▶ **ACTION ITEM**: Tally every line of the material that includes "Schüler", then give the tally and nothing else.

▶ **SOURCE DATA**:

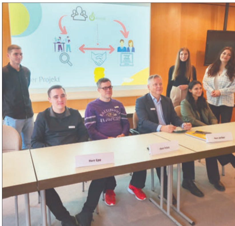
Bei der Gruppenveranstaltung für Schülerinnen und Schüler informierten Mitarbeitende des Kommunalen Job-Centers über ihre Aufgaben und standen den Teilnehmenden bei Fragen zur Verfügung.

„Viele unserer jungen Kundinnen und Kunden haben bereits konkrete Vorstellungen, was sie nach dem Schulabschluss machen möchten. Ein Großteil strebt ein Studium an. Es gibt aber auch Schülerinnen und Schüler, die noch unschlüssig sind. Diese haben meistens nur die gängigen Berufsbilder vor Augen. Wie vielfältig jedoch der Ausbildungsmarkt ist und welche Alternativen es beispielsweise gibt, wenn der Ausbildungswunsch mit dem vorliegenden Notenschnitt nicht realisierbar ist, wissen nur wenige. Deshalb haben wir in den Gesprächen auch die Zeit genutzt, um gemeinsam mit den Jugendlichen spezielle Informationsportale im Internet anzuschauen
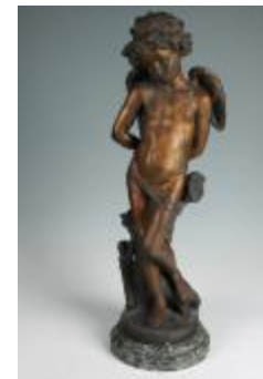
L'Amour vaincu (201080)

▶ **WRITTEN ANSWER**: 2